> **Problem**:
Report only how many lines of the records contain the word "students".
================
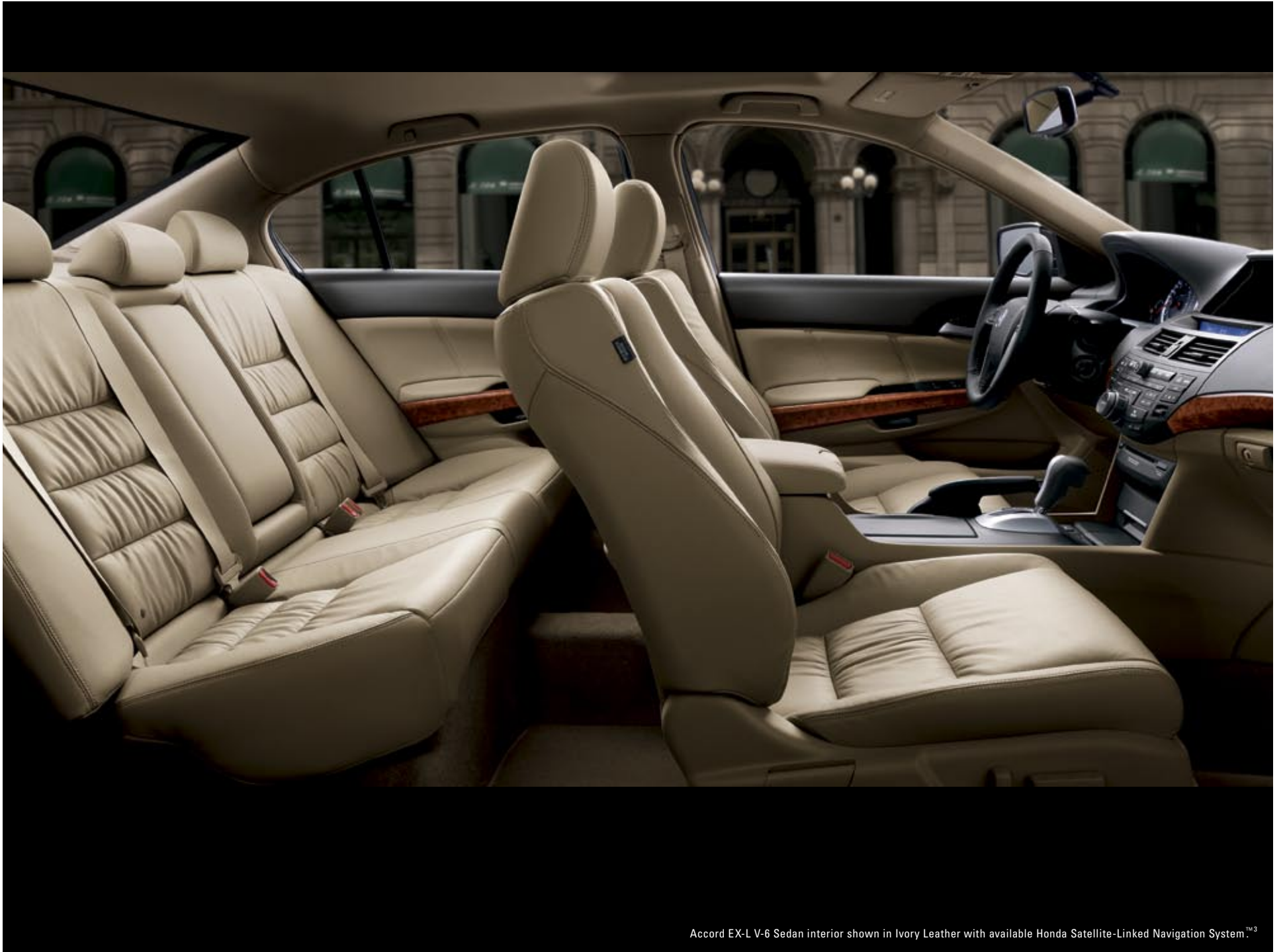
Accord EX-L V-6 Sedan interior shown in Ivory Leather with available Honda Satellite-Linked Navigation System. TM3
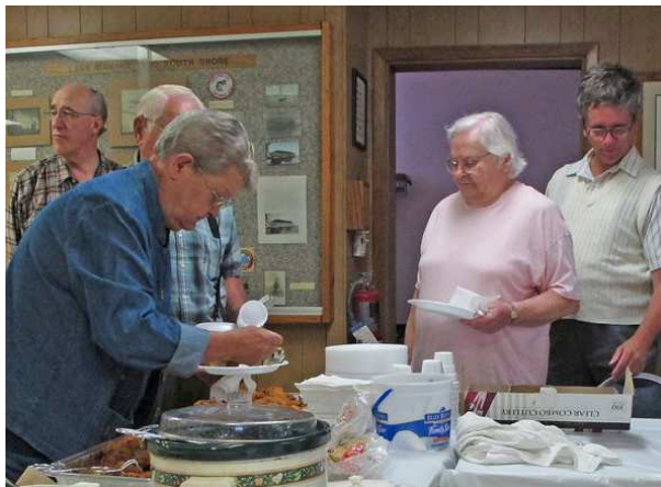
Time to eat! There was plenty to choose from
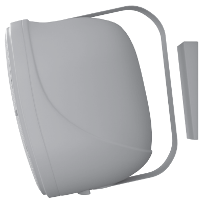
vertical use of the speaker
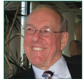
Syracuse University men's hoop coach and Hall-of-Famer Jim Boenheim delivered the 2007 Carl and Fanny Fribolin Lecture.

And, if you're a musician looking for a place to play, consider joining the Keuka College Symphonic Band. Or, if you're a vocalist, there's the Keuka College Chorale. Both groups feature students and community residents.
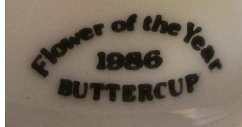
Buttercup 1986 apex 2 see other versions below
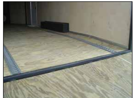
Standard dovetail in car carrier models.

Same available options as our standard CR Series Car Carrier. See our custom options section!!
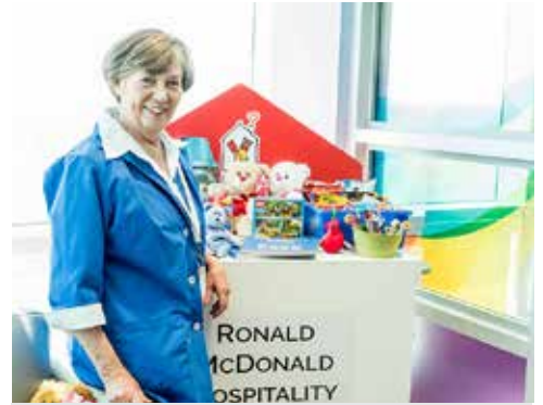
Two Hospitality a la Carte Programs
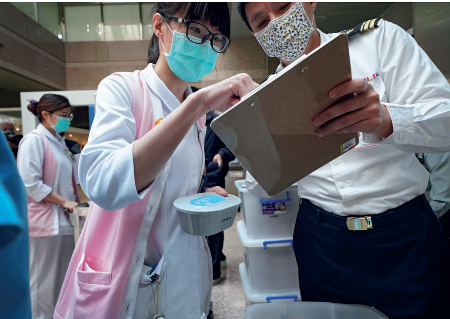
Tzu Chi meals delivered to Tri-Service General Hospital are distributed to hospital workers.
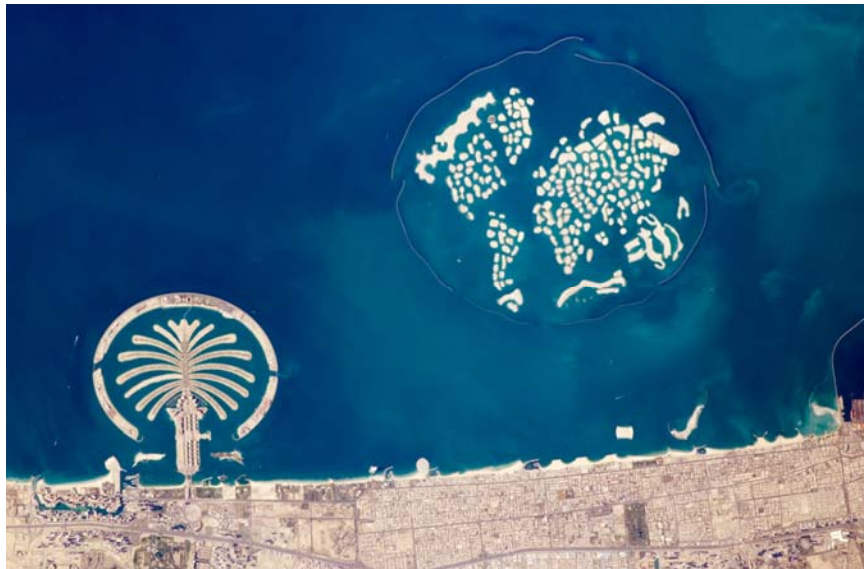
Palm Jumeirah and The World
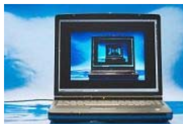
recursion 递归 [dì guī]
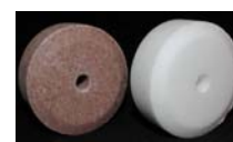
M233 & M232

Very important dietary supplement. Available either in single spools or boxes of 24 spools. Shipping wt. 5 lbs / box.
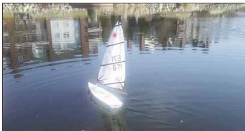
First in the pond, 2:35pm March 14, 2012
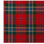
MacLean Of Duart MOD
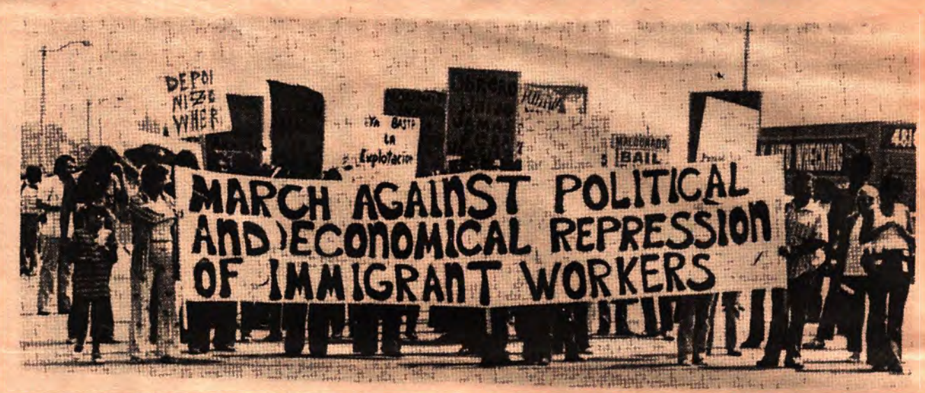
Workers and students across the country march in favor of democratic rights for undocumented workers

So who likes the ammesty plan? The capitalists In spite of the proposed $1000 fine for every "illegal alien" hired, farm operators and factory owners seemed pleased. They face little chance of conviction since in order to fine the employers, the government must first prove that they "knowingly"hired undocumented workers. The capitalists will still have their pool of cheap labor. They will still call on the INS to deport workers during a union organizing drive or strike Carter's plan, while making token concessions to undocumented workers, will in fact
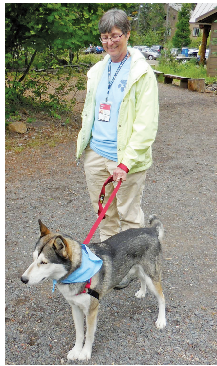
SELINA AND POET

LYDA applications are available each fall online at sibend.org . Women who are pursuing their education, financially needy, head of household and enrolled in a certificated educational program are encouraged to apply. A separate local Soroptimist Live Your Dream Award is underwritten by Central Electric Cooperative for women who meet the above criteria and who are CEC members in good standing.
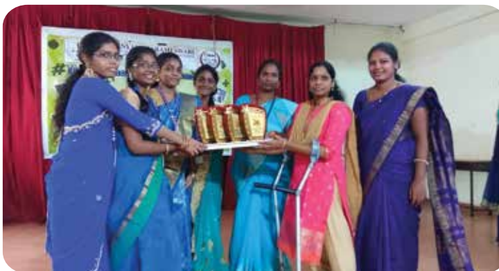
T.I.M.E. Bank Recruitment Exams Coaching @ SKPC

IT sector jobs, Asst.Professor in the Colleges and Universities after PG in Mathematics, Teacher in schools after B.Ed., Banking, Post Office jobs etc., Assistant Statistical Investigators, Insurance Sector jobs, Jobs in BPOs/Call centers, Government Services, Civil services like IAS, IPS, can enroll as online teachers.
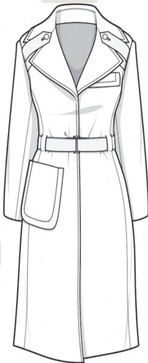
White trench coat with buckle belt 0004
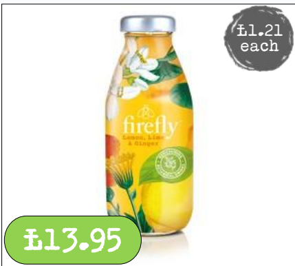
Firefly– Lemon, Lime, Ginger & Botanical Drink 12 x 330ml
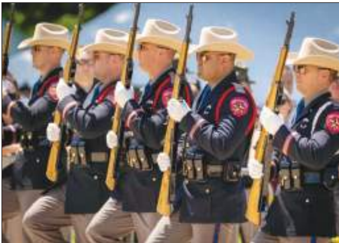
Texas DPS Drill Team wins First place and receives the Steve Young Honor Guard Award.
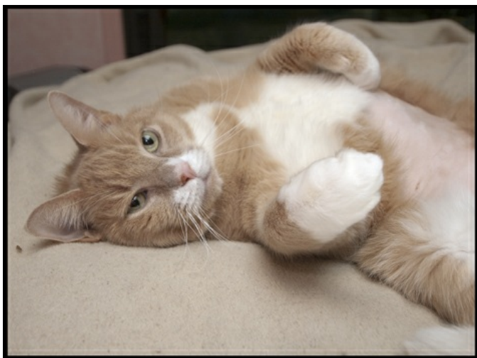
He always gives us "love-dovey" looks.
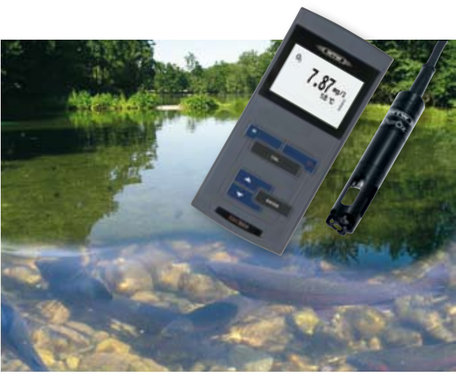
D.O. measurement with ProfiLine Oxi 3205 and DurOx® incl. protection cap in fish farming
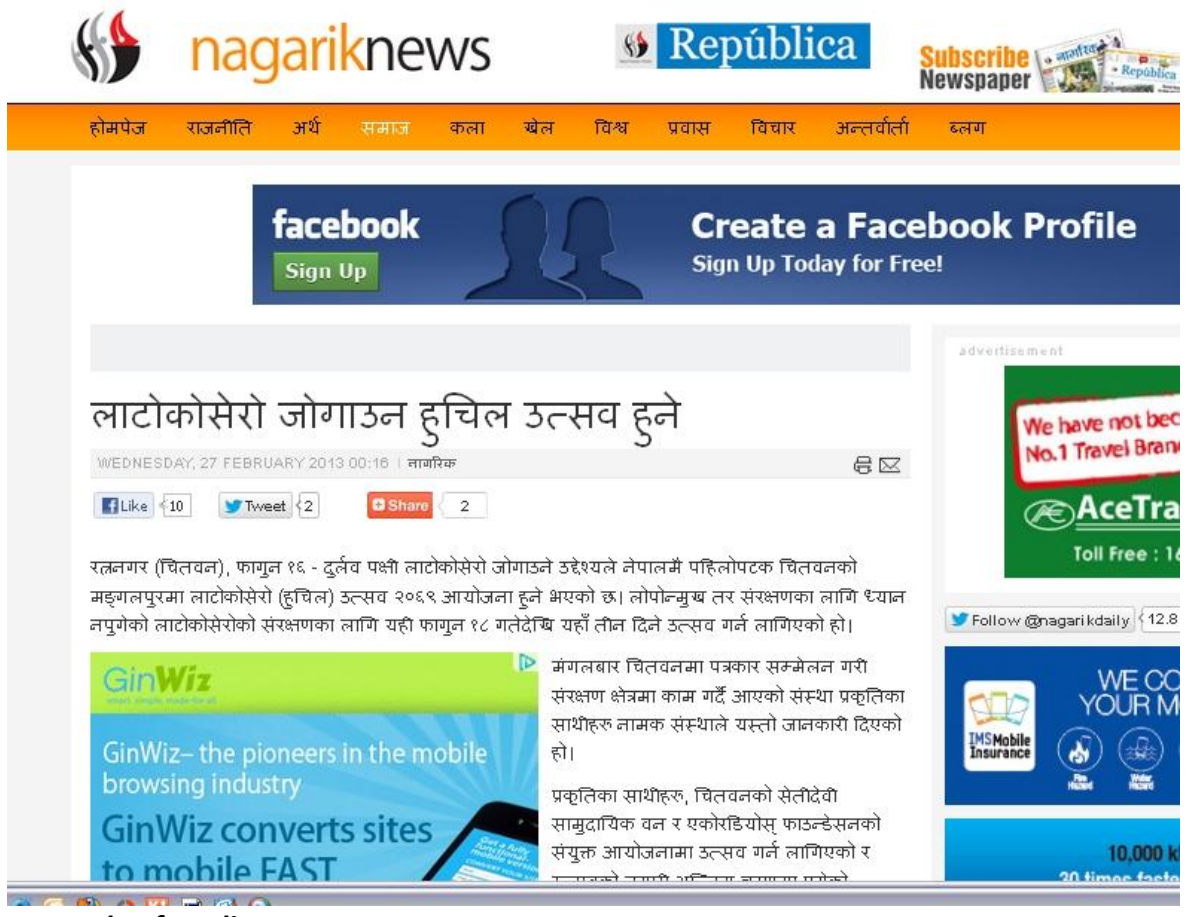
Example of media coverage

Owl is one of the hirds on the yerne of extinct in Nenal
================
> **Task solution**:
2